#### INPUT DATA ####

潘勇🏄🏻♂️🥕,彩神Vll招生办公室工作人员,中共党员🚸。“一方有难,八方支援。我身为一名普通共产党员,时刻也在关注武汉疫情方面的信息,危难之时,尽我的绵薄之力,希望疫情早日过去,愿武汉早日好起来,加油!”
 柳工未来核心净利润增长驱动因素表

####
#### INPUT DATA ####

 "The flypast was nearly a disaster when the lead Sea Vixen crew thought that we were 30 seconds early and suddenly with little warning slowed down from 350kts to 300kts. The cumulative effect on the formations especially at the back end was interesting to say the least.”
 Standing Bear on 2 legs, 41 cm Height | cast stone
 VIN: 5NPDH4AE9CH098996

####

WHAT TO PRODUCE
Copy out only the lines above from the one with "Standing Bear on" to the one with "VIN: 5NPDH4AE9CH098996", inclusive, exactly as they stand.

WRITTEN ANSWER
 Standing Bear on 2 legs, 41 cm Height | cast stone
 VIN: 5NPDH4AE9CH098996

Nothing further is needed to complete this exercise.